* TASK STATEMENT
Find "Les dégâts sont" and "Si vous jugez" in the records below. Copy the lines holding them and every line between, exactly, and no others.

* ENTRIES SUPPLIED
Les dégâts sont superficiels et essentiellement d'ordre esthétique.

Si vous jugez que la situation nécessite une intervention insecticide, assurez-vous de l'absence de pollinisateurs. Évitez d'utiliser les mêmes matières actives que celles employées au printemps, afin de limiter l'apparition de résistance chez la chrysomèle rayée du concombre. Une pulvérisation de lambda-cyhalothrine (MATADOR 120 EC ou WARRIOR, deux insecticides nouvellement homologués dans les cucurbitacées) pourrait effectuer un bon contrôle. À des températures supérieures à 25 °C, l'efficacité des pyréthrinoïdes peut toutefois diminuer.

--

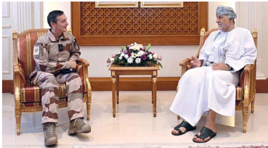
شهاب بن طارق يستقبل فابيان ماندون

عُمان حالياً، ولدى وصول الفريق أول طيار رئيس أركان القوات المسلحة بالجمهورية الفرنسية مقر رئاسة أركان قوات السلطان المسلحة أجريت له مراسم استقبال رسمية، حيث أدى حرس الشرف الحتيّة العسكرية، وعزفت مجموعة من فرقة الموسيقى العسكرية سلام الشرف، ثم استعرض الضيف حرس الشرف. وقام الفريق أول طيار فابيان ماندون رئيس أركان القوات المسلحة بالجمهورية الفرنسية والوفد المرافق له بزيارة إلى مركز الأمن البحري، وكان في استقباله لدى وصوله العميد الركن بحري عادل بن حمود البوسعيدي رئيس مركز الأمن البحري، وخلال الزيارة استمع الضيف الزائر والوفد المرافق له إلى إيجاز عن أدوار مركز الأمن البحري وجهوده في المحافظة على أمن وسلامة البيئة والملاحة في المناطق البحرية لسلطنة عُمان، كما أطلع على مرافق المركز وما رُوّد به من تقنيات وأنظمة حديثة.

--

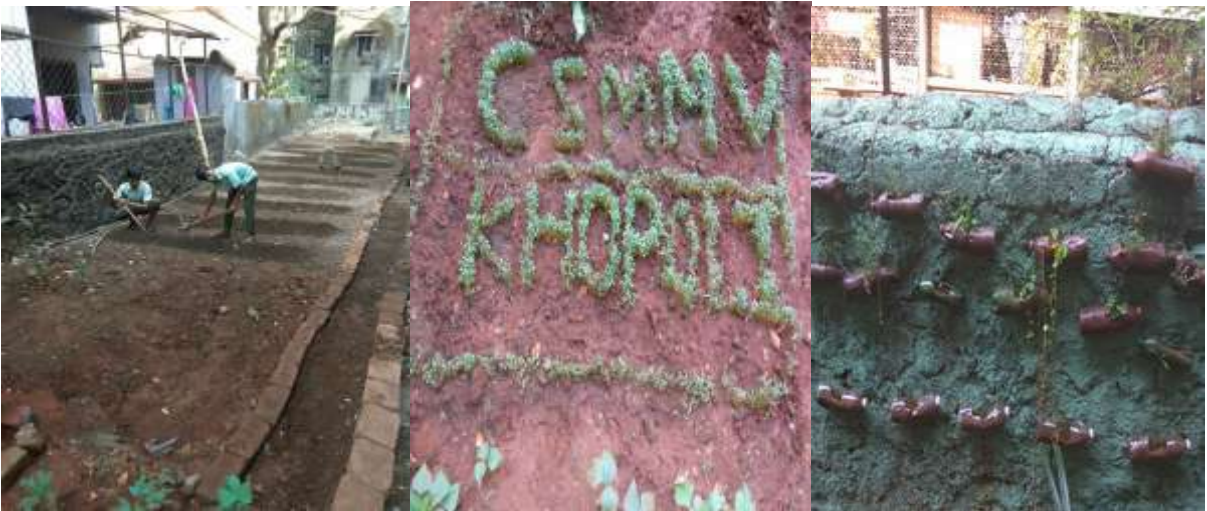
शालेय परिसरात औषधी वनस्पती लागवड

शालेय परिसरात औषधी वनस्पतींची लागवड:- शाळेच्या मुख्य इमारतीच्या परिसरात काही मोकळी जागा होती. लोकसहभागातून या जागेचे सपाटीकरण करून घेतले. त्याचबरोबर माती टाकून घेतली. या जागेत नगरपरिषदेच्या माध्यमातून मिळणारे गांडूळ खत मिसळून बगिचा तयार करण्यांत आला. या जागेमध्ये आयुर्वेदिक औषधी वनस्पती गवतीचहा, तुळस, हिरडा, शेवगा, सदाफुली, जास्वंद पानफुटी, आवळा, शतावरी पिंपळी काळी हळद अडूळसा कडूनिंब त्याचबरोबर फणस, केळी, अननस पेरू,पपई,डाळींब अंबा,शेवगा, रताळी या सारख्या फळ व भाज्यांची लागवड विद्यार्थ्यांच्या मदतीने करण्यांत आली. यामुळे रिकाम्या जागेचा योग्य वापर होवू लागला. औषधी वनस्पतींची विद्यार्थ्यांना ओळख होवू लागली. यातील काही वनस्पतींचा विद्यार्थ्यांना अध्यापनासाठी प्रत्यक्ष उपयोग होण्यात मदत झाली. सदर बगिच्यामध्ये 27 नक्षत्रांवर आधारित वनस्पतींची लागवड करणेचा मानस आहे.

* TASK RESULT
Les dégâts sont superficiels et essentiellement d'ordre esthétique.

Si vous jugez que la situation nécessite une intervention insecticide, assurez-vous de l'absence de pollinisateurs. Évitez d'utiliser les mêmes matières actives que celles employées au printemps, afin de limiter l'apparition de résistance chez la chrysomèle rayée du concombre. Une pulvérisation de lambda-cyhalothrine (MATADOR 120 EC ou WARRIOR, deux insecticides nouvellement homologués dans les cucurbitacées) pourrait effectuer un bon contrôle. À des températures supérieures à 25 °C, l'efficacité des pyréthrinoïdes peut toutefois diminuer.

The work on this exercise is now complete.